Hi, when do i need a <'aa> lifetime ?

struct S2<'aa> {
    a: &'aa str,
    b: int
}
2

You need a string slice with a lifetime when you want S2 to not own the data in the string, instead having some other struct own the string with S2 just being a temporary borrow of that other value.

3

difference with:

struct S2<'a> {
    a: &'a str,
    b: int
}

?

4

The letters in the lifetime is just a name. You can call it whatever you want.

2 Likes
5

And, it is often helpful to NOT use lifetime names like a, aa, b, etc. Instead, use meaningful names if you can think of them. For example, in the above, instead of:

struct S2<'aa> {
    a: &'aa str,
    b: int
}

Do:

struct S2<'lifeofusername> {
    username: &'lifeofusername str,
    userid: int
}

Now, some will object to this as being verbose, but, I just don't buy it. In the above, it is now clear that the lifetime of S2 is tied to the lifetime of username. The reads, "S2 must have a lifetime no greater than the lifetime lifeofusername which is the lifetime of the borrow/reference member username.

[NOTE: Edited here to add the "NO" I accidentally left out].

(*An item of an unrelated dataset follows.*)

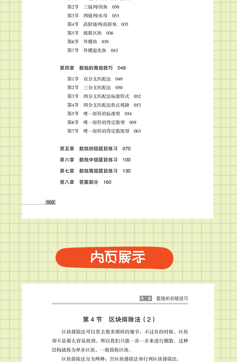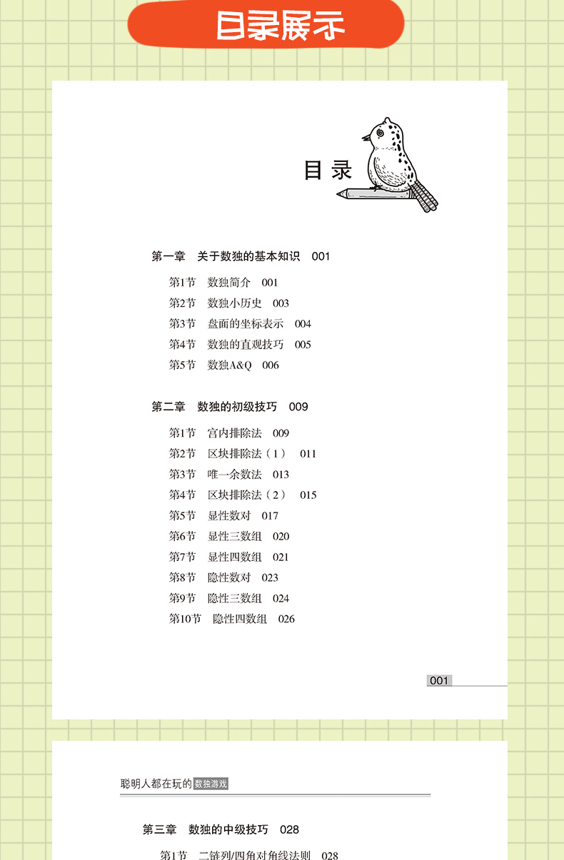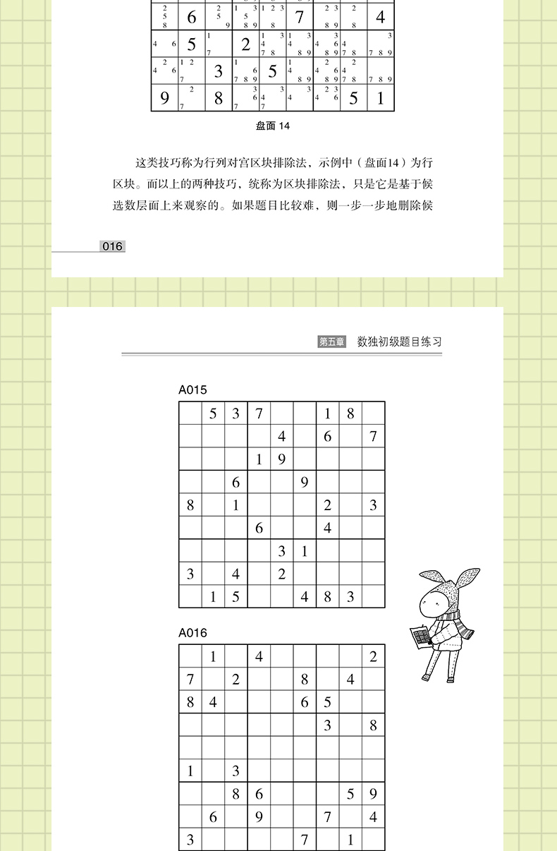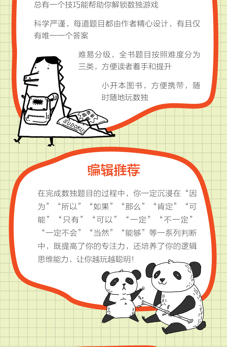 《聪明人都在玩的数独游戏》数独是一种运用纸、笔进行演算的逻辑游戏,你只需要根据9×9盘面上的已知数字,推理出所有剩余空格的数字,并满足每一行、每一列、每一个粗线宫(3×3)内的数字均含1~9,不重复即可。刚刚接触数独的读者通常靠猜数来完成盘面,可是如果掌握各种技巧的话,就会又快又准确地完成盘面。本书结合图例详细介绍了数独的各种实用高效技巧,并且提供了不同难度的数独题目,让你从入门到精通,轻松玩转数独游戏,享受你的闲暇时光和碎片时间。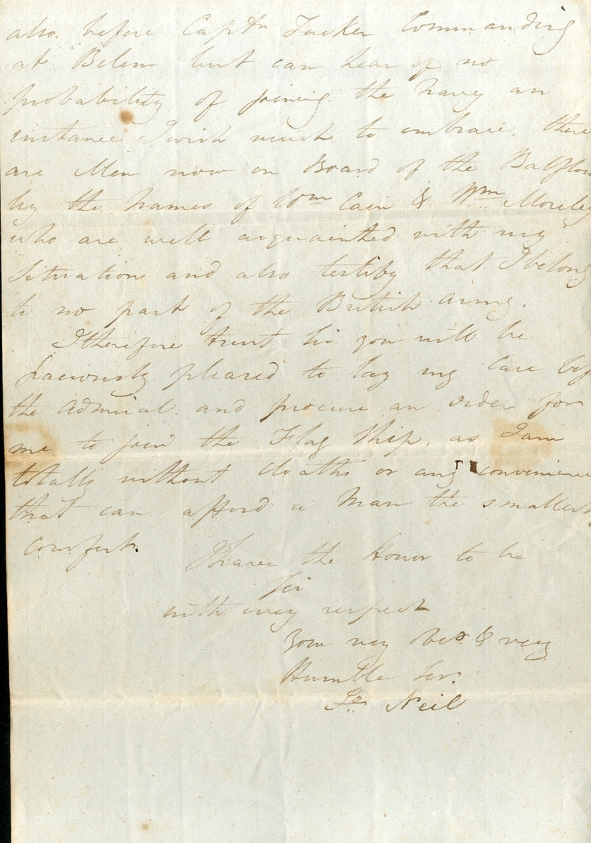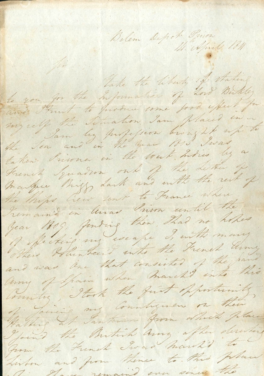 Letter addressed to Captain Thomas Hardy aboard H.M.S. Barfleur from J. Neil, a British seaman who deserted the French Army in Spain and was imprisoned at the Belem Depot prison, arguing for his release and asking to join Hardy’s crew, some aging and stains, minor edge wear, otherwise in good condition with clear and legible text;

EDIT 2: Now, if you read " ' (single-quote)" as "lifetime of", then the above can just be:

struct S2<'username> {
    username: &'username str,
    userid: int
}

which nicely reads as, "struct S2 must have a lifetime no longer than the lifetime of username"

14 Likes
6

Hi gbutler, i have one technico-philosophic question about time to die for lifetimes :wink:

struct S2 must have a lifetime no longer than the lifetime of username

does the GarbageCollector kill as fast as possible the struct, or does it prevent precoce death of the borrowed &str ?
Does exist a kind or Vector of the Death ?

7

Rust does not use a Garbage Collector. Rust uses ownership/lifetime tracking at compile time to know when something is no longer in use. At the point where the compiler determines the thing is no longer in use, it inserts the necessary "Drop" automatically (usually at the end of the block, but, not necessarily so).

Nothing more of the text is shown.